For stuff I care about long term I put a reference on my own site, and I
either cache the target page myself, of record enough of it that a Google
search is likely to find something similar. That way I can fix it if it
breaks.

For stuff that I don't care about beyond three months, why should I bother?
OK, perhaps I should bother because of the potential for malware, etc, and I
recognise that, but for me, the benefits outweigh the disadvantages.

If you think this is wrong, offer me a service that makes my life easier,
otherwise all you're doing is saying "Don't do that."

And I'm not sure that I don't have at least some right to know how many people
click on a link that I've provided, even if it's to someone else's domain. If
I can get that information, and it's of use to me, why should I not do it?

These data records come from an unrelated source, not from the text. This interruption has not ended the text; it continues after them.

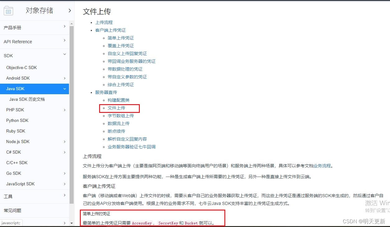 七牛云提供了多种方式操作对象存储服务,本项目采用Java SDK方式,地 址:Java SDK_SDK 下载_对象存储 - 七牛开发者中心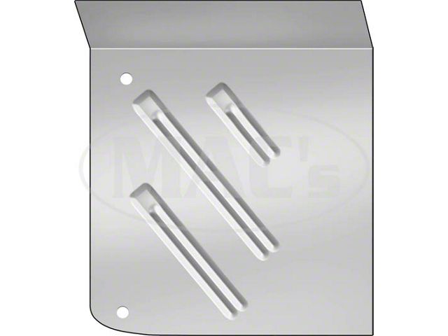 The 1958-1960 front floor pans repair the area under the driver and front seat passenger's feet. The panels extend 3" up the firewall and back to the front seat. Panels are stamped with the correct stiffening grooves.
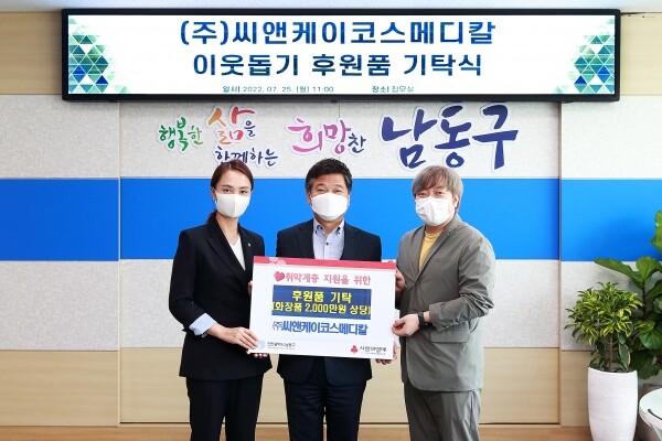 기탁식에 참석한 ㈜씨앤케이코스메디칼 관계자는 “코로나19로 많은 어려움을 겪고 있는 취약계층에게 조금이나마 보탬이 되고 싶어 후원품을 기탁했다”고 밝혔다.

Finally, I'm not talking about the links on my domains. For them I use long
references. I'm talking about links provided in SMS, Facebook IM, twitter, and
other similar media. I don't really see how providing short links there are
"breaking the web" and would be interested in an clarification you'd care to
offer.

(edited within minutes for typos and clarification.)

------
prakashk
I use the Greasemonkey userscript 'TinyURL Decoder'
(<http://userscripts.org/scripts/show/40582>) which automatically decodes the
tiny URLs on a page. Very useful on twitter (which the script has out-of-the-
box support).

------
jaxn
The vast majority of URL shorteners return the full URL with a HEAD request.
Not practical for everyone, but the best way to do it if writing a service
that might consume shortened URLs.

------
pook
is.gd uses an appended - to throw you to a preview page, as well.

------
adolph
Hmm, now I need a js bookmarklet to toggle appending + signs on pages...

------
grandalf
pr0n.ly uses /stats after the URL to show stats. But unfortunately it's being
shut down for being un-Islamic.